Quantifying generalization in reinforcement learning
We’re releasing CoinRun, a training environment which provides a metric for an agent’s ability to transfer its experience to novel situations and has already helped clarify a longstanding puzzle in reinforcement learning. CoinRun strikes a desirable balance in complexity: the environment is simpler than traditional platformer games like Sonic the Hedgehog but still poses a worthy generalization challenge for state of the art algorithms.

In recent years, reinforcement learning (RL) has made significant strides in solving complex tasks, from playing Atari games to mastering board games like Go. However, one of the key challenges in RL remains the ability of agents to generalize their learned experiences to novel situations. To address this issue, researchers have developed a new training environment called CoinRun, which provides a metric for evaluating an agent’s generalization capabilities. This environment has already shed light on a longstanding puzzle in reinforcement learning and offers a balanced complexity for testing state-of-the-art algorithms.
CoinRun is designed to strike a desirable balance in complexity. Unlike traditional platformer games such as Sonic the Hedgehog, which are highly complex and computationally intensive, CoinRun simplifies the game mechanics while still posing a meaningful generalization challenge. By focusing on core elements of platforming games, CoinRun allows researchers to study the fundamental aspects of generalization without being overwhelmed by the intricacies of more complex environments.

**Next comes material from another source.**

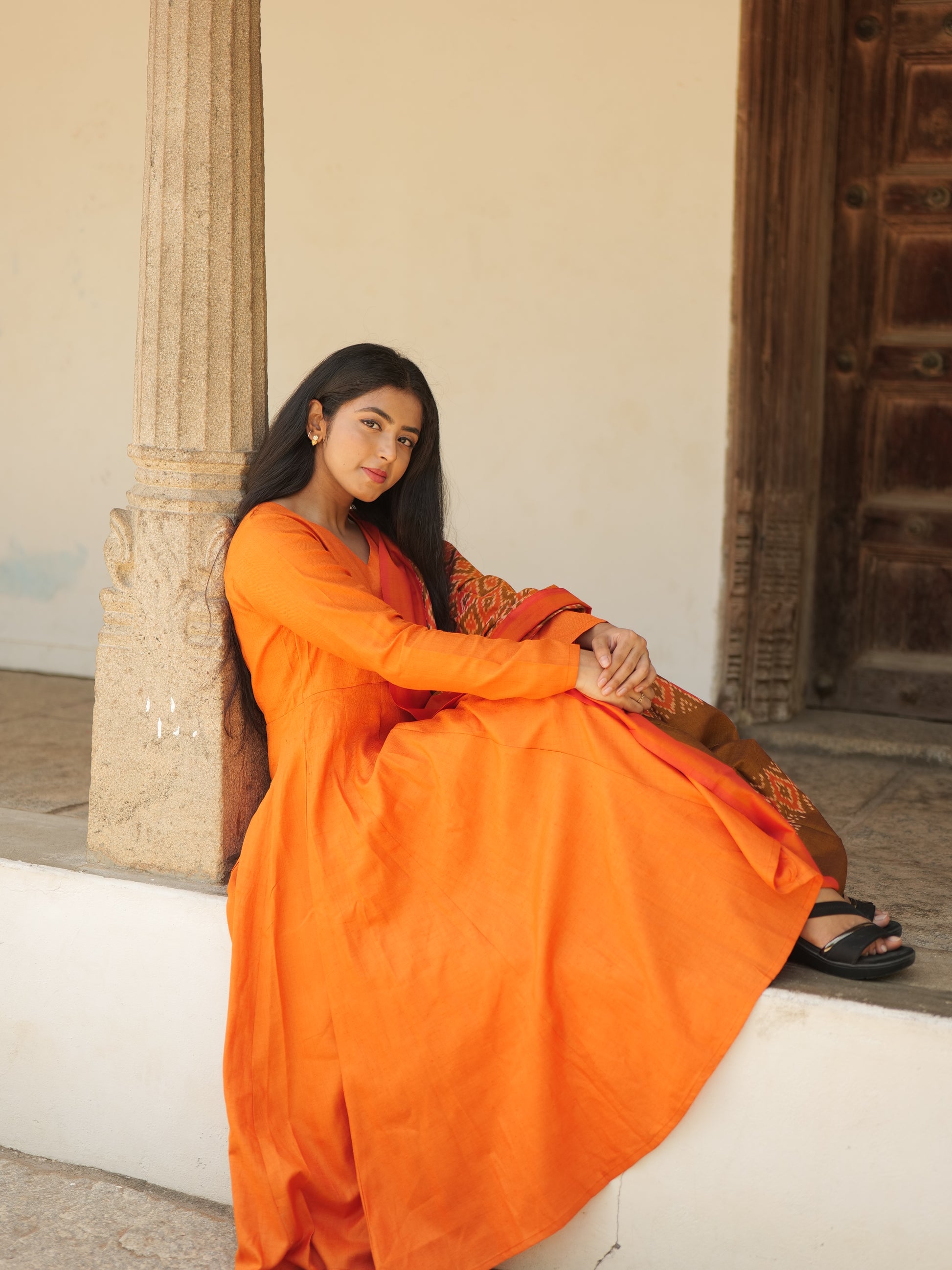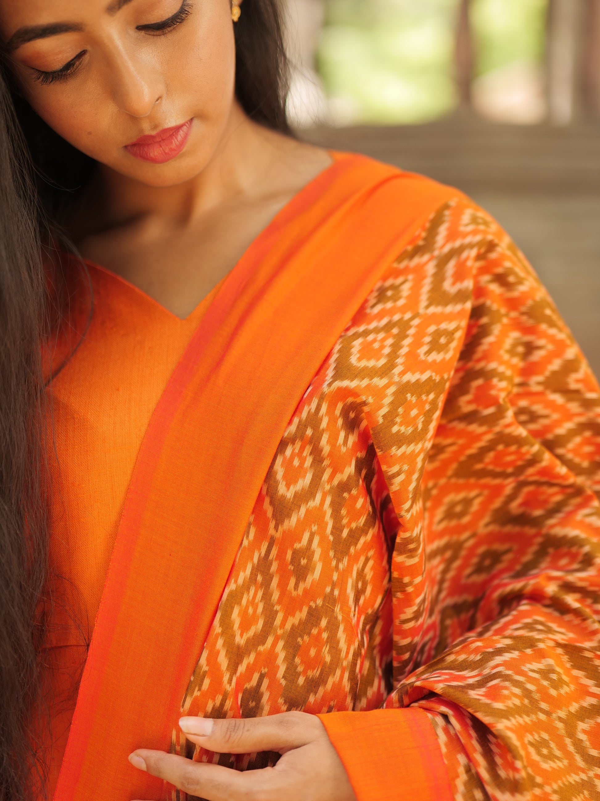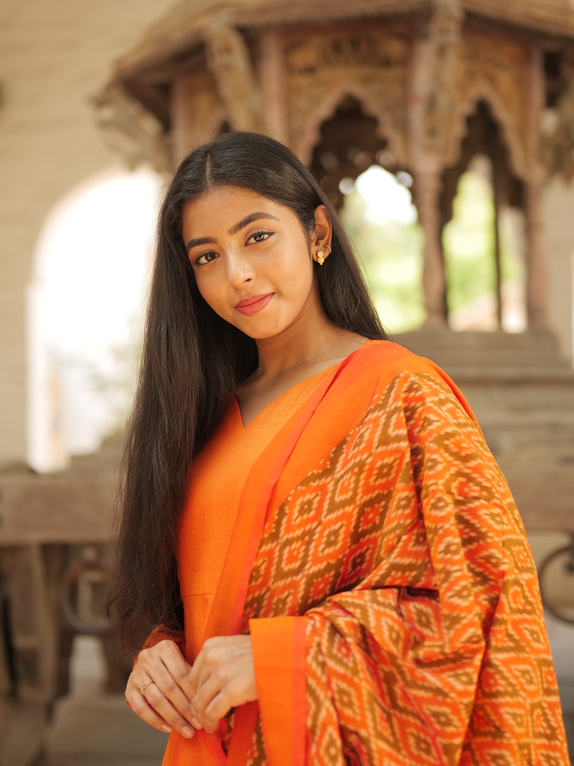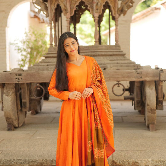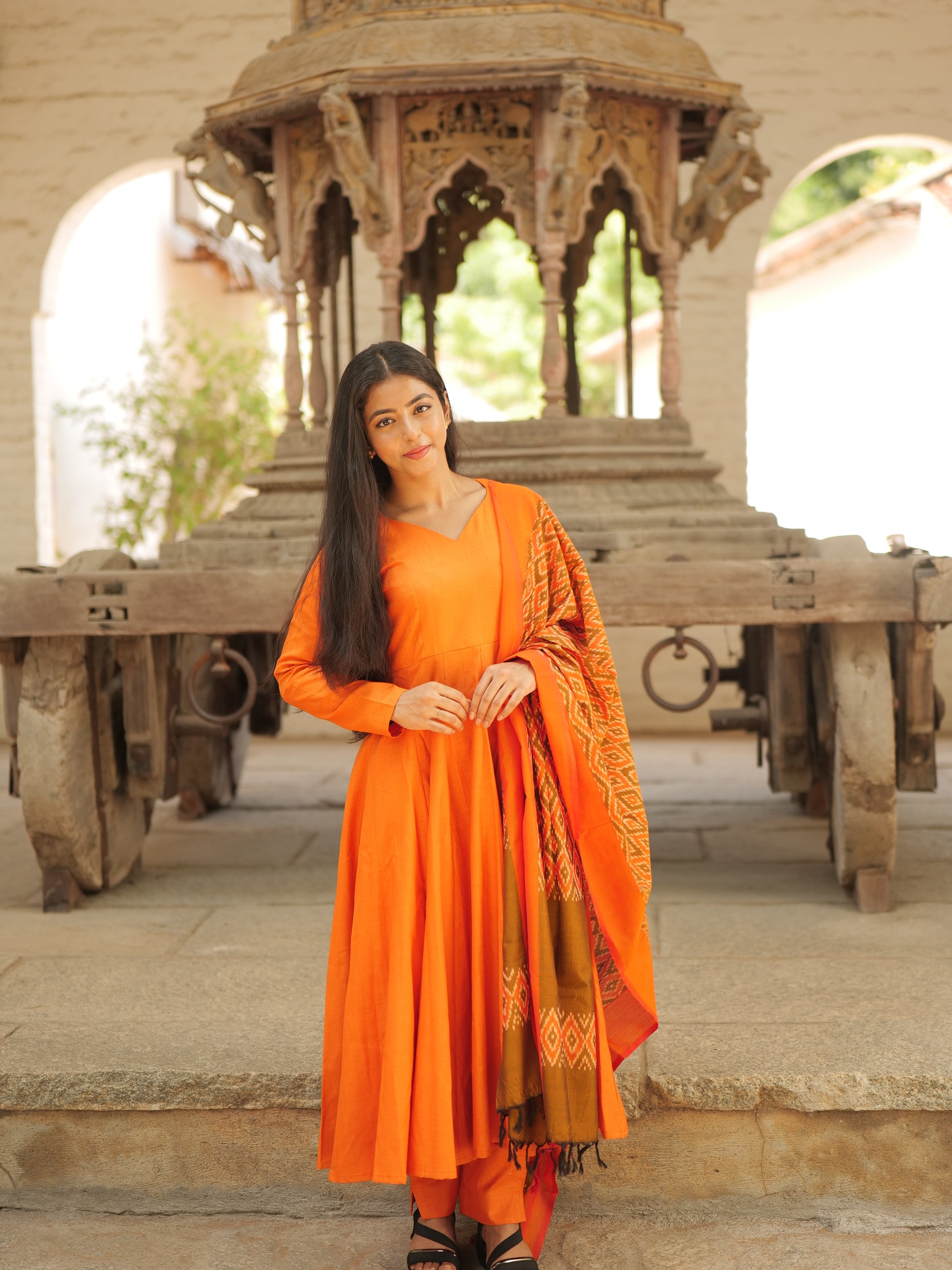 Shawl/Dupatta: Paired with a stunning pure Ikkat silk shawl, handwoven with intricate traditional patterns. The bold motifs and rich colors of the Ikkat provide a striking contrast to the understated elegance of the Anarkali, adding a regal touch.

The core objective in CoinRun is for an agent to collect coins while avoiding obstacles. The game features a grid-based world with varying terrain, including platforms, pits, and power-ups. Agents must learn to navigate these environments efficiently, adapting to different layouts and configurations. The key metric in CoinRun is the agent’s ability to transfer its experience from the training environment to unseen test environments, which are designed to challenge the agent’s generalization skills.
One of the puzzles that CoinRun has helped clarify revolves around the performance of state-of-the-art RL algorithms in generalization tasks. Previously, it was observed that these algorithms often struggled to generalize to novel situations, despite achieving high performance in training environments. This discrepancy raised questions about the true capabilities of RL agents and the effectiveness of existing algorithms.
CoinRun has provided valuable insights into this puzzle by offering a controlled and focused environment for studying generalization. By systematically varying the complexity and structure of the game, researchers can better understand the factors that influence an agent’s ability to generalize. This environment has enabled the identification of specific challenges and limitations in current RL algorithms, paving the way for future improvements.
In addition to its role in clarifying existing puzzles, CoinRun also serves as a platform for testing and benchmarking new algorithms. By providing a standardized metric for generalization, the environment encourages researchers to develop and evaluate novel approaches to reinforcement learning. This, in turn, drives innovation and accelerates progress in the field.
The release of CoinRun marks a significant step forward in the study of generalization in reinforcement learning. By offering a balanced and focused environment, it allows researchers to investigate the core challenges of generalization and develop more effective algorithms. As the field continues to evolve, CoinRun is poised to become a cornerstone for evaluating the true capabilities of RL agents in transferring their experiences to novel situations.
In conclusion, the introduction of CoinRun as a training environment for reinforcement learning represents a crucial development in the field. By providing a metric for generalization and offering a balanced complexity, it has helped clarify a longstanding puzzle and offers a platform for testing state-of-the-art algorithms. As researchers continue to explore and refine RL techniques, CoinRun will play a pivotal role in advancing our understanding of how agents can effectively transfer their experiences to new and challenging environments.